Now, I have been a resident of Palakkad since 1995. Stayed and schooled there till the year 2000, when I joined college in Thrissur. After that, trips home were on weekends and term breaks. In 2005, I joined college in Goa for my MBA, got a job in Chennai, and visits home have been just 2-3 a year. I stay about half a kilometer from the beginning of the road I am writing about. Malampuzha dam was one of the few readily accessible tourist spots and a definite part of the itinerary whenever we had cousins from out of state. The road was bad for the most parts; something not very surprising If you know the condition of Kerala roads. There was a railway level crossing that closed very frequently, since it was the busy Coimbatore line, and that part of the road became narrower and even more badly surfaced, since an over-bridge that was to come up took about ten years to complete. But still, for a Palakkadian, Malampuzha was the go-to place for an evening out with family.
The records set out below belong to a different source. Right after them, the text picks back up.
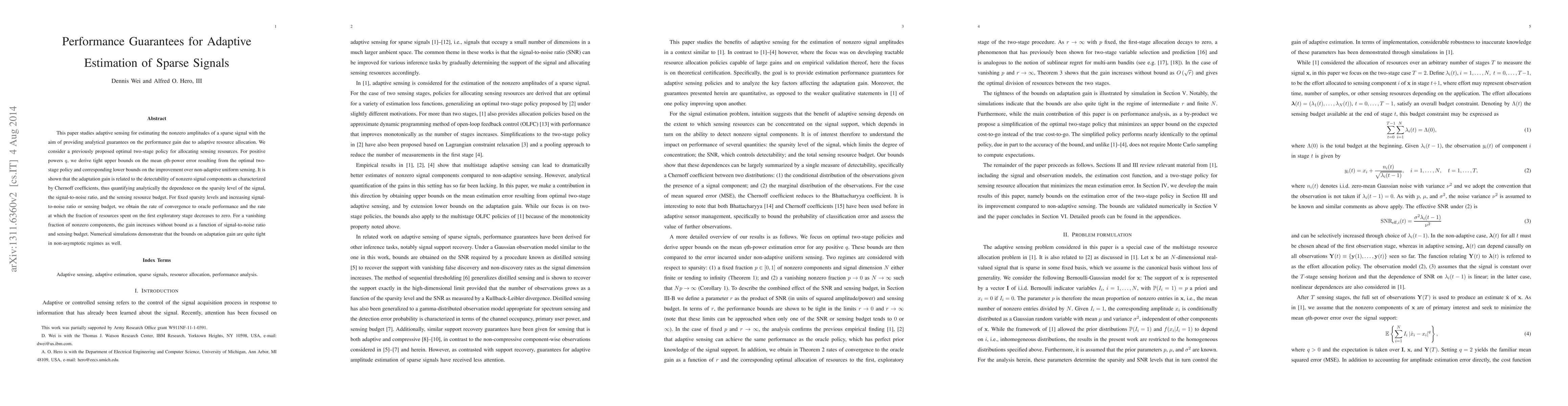This paper provides analytical guarantees on the performance gain of adaptive sensing for estimating sparse signals, showing that adaptation improves detection accuracy with increasing signal-to-noise ratio or sensing budget.
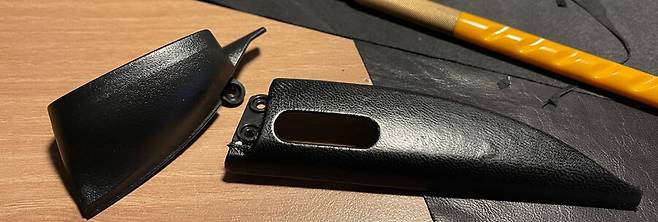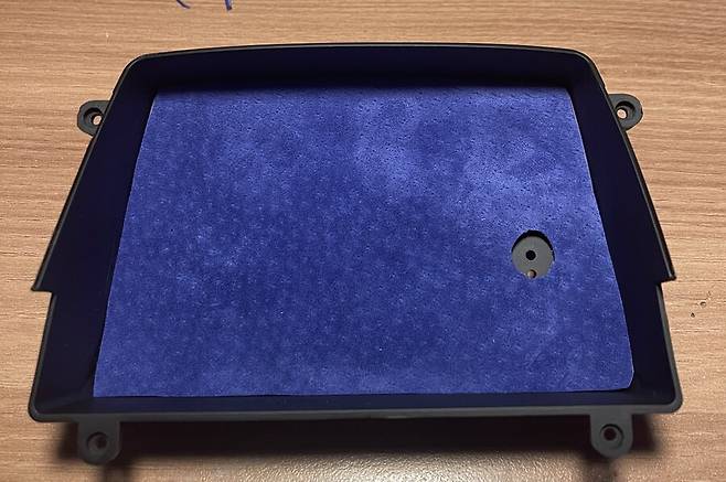 데시보드 부분은 가죽 무늬 플라스틱인데 그 위에 양가죽을 씌워 줍니다.
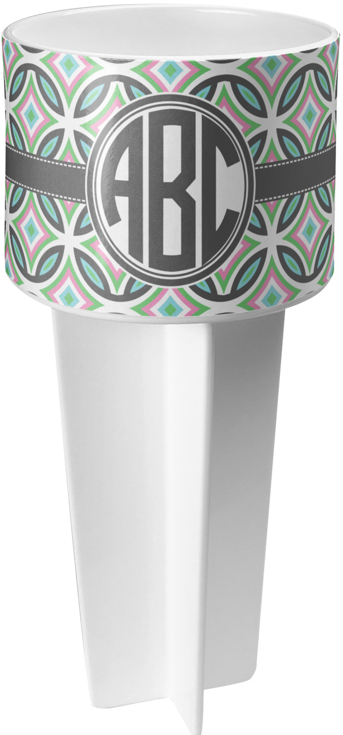 This cup holder has a large stake at its bottom that anchors it to the sand or ground below, while the cup holder rests above the stake. The entire drink holder is made of durable plastic and displays your customization around the cup holder portion. We sell these personalized beach spikers in two different colors: black and white.
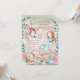 Une invitation pour la fête des enfants peinte à l'aquarelle avec un lapin qui verse du thé et votre hôte avec son animal de compagnie flamingo et une vigne remplie de pâtisseries et de tasses d'attente pour que les invités arrivent à la fête.
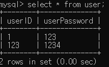 mysql에서 userID, userPassword 받는거, 예외처리 해줌
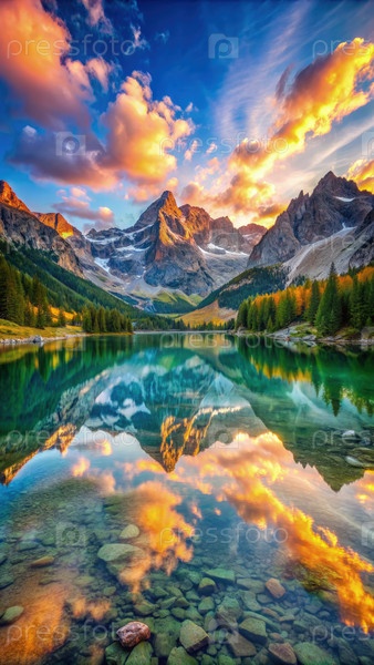 Спокойный восход солнца над горным озером с драматическими отражениями неба
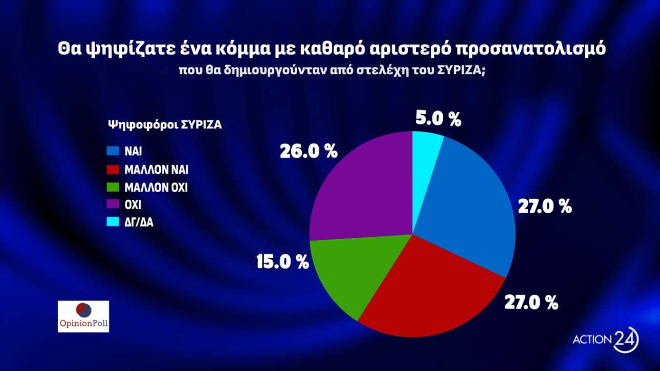 Σε ερώτηση που αφορά το ενδεχόμενο δημιουργίας νέου κόμματος «με καθαρό αριστερό προσανατολισμό που θα δημιουργούνταν από στελέχη του ΣΥΡΙΖΑ» και απευθύνεται, εξίσου, σε ψηφοφόρους του ΣΥΡΙΖΑ, το 54% απάντησε πως θα το στήριζε («Ναι» και «Μάλλον Ναι»). «Μάλλον όχι» δήλωσε το 15% και «Οχι» το 26%. Δεν γνωρίζω/δεν απαντώ δήλωσε το 5%.
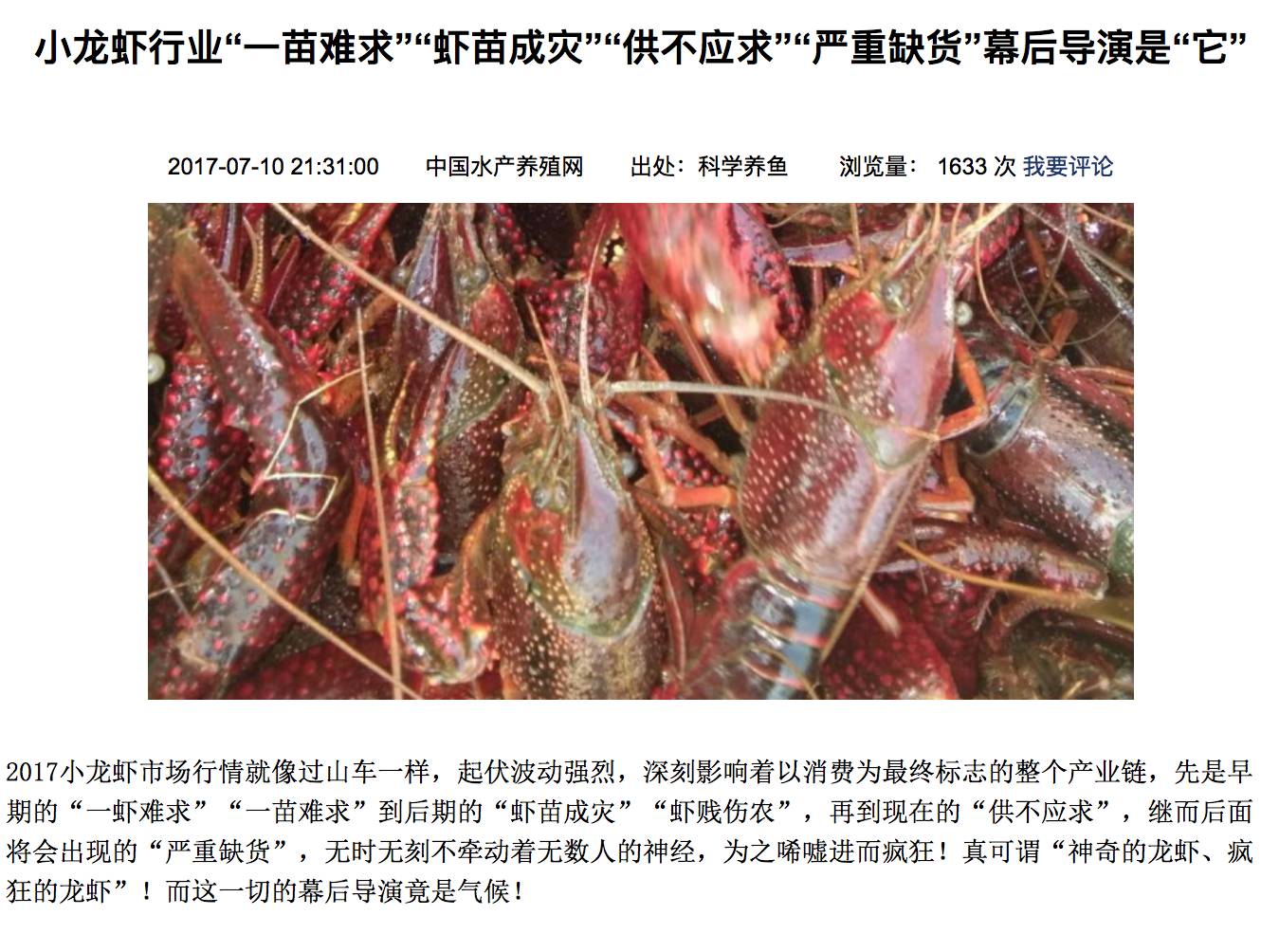 稻田虾上市将拉低价格
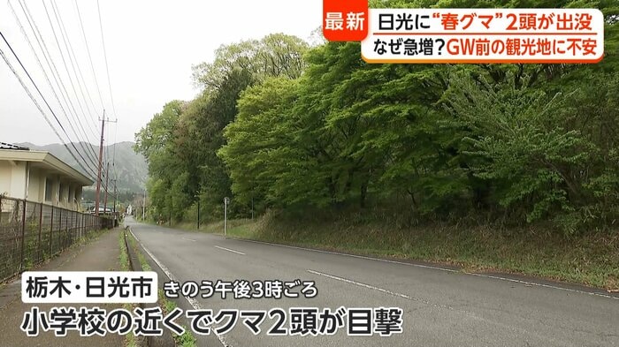 日光市では21日午後3時頃、小学校の近くで2頭のクマが目撃された。
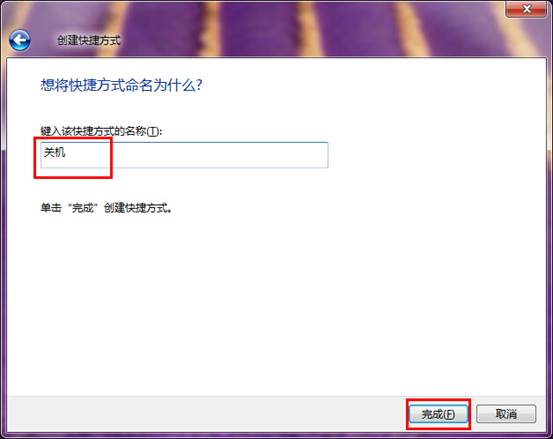 3.将快捷方式命名为自己想要的名称,这边建议修改为“关机”比较 一目了然,点击完成进入下一步操作。如下图所示
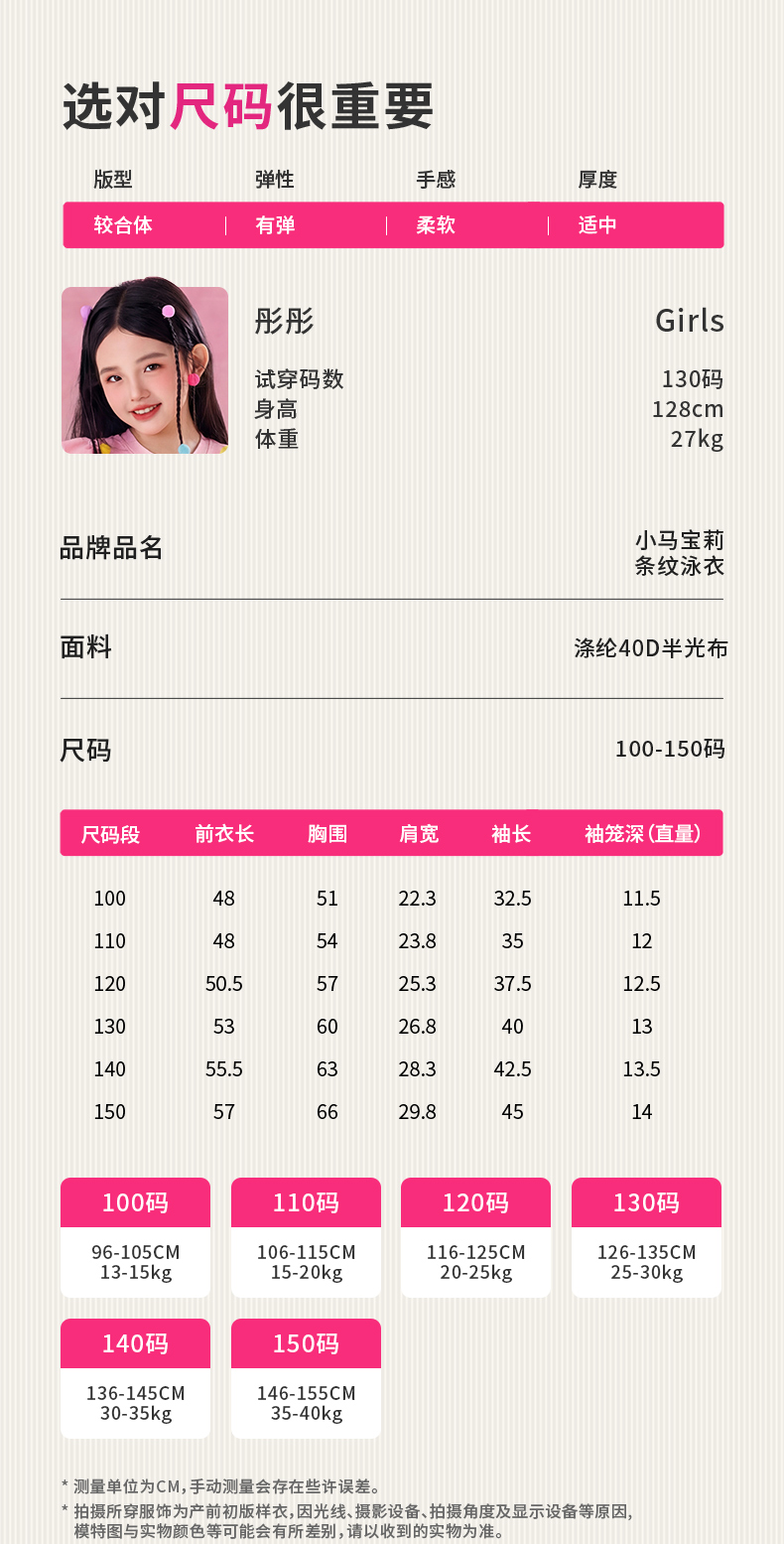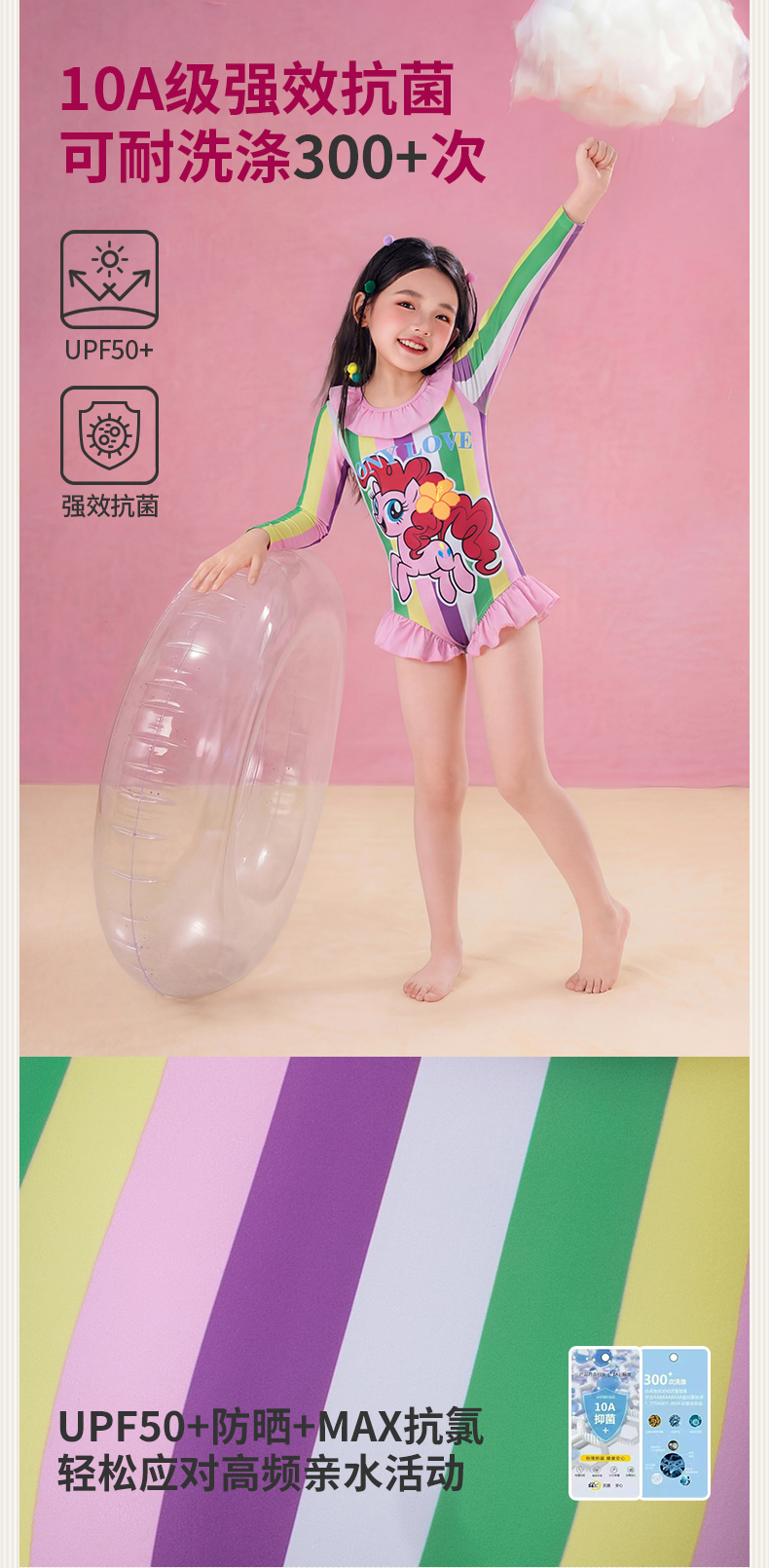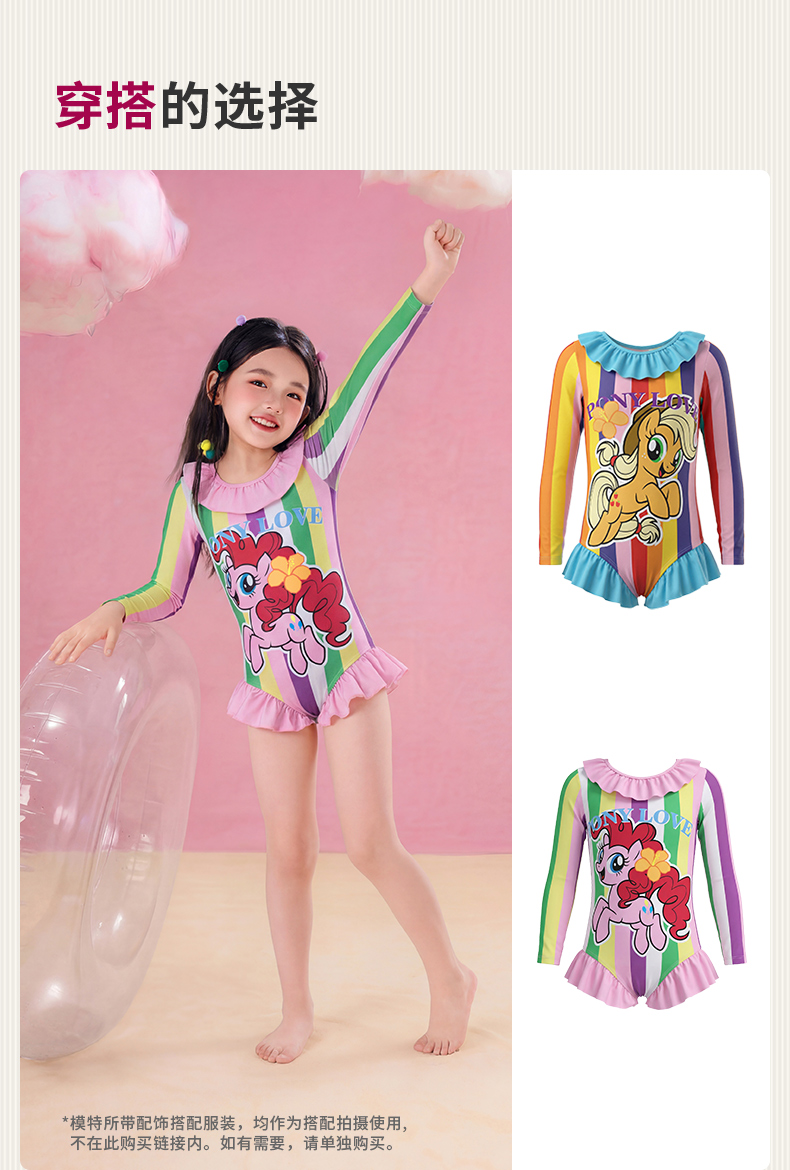 小马宝莉联名童装小马宝莉条纹泳衣女童夏季新款卡通防晒泳装夏款

I had been home for Vishu in April 2014, had a day to myself with nothing better to do in the morning, and decided to make this trip, my first travelogue so to speak. Astride my mom’s new Scooty (the only other option was Dad’s Alto, but a two wheeler is better for what I had in mind), with my phone with its very pedestrian camera, I set out.
Google maps tells me the distance from Victoria to Malampuzha is about 8 km. The road from the main gate of the college starts off as a 100 feet wide picturesque road, going past the Chinmaya temple, the Subramaniam temple and pond, and curves languidly to the left. it was in very good condition, which I remember being a rarity. Soon, it crosses the Kozhikode bypass. I was pleasantly surprised to see the speed breakers with their chessboard markings and the roads shoulder lines all painted so well. PWD or highways dept seem to be doing their work. It wasn’t like this before.
Here, one also sees a cute wooden hand-painted signboard welcoming you to Kalpathy village. Kalpathy is where Palakkad’s famed TamBrams first settled. The agraharam style of layout-with a straight street with rows of houses on both sides and usually a temple at either end- is still standing strong despite modern houses and flats gaining ground strongly.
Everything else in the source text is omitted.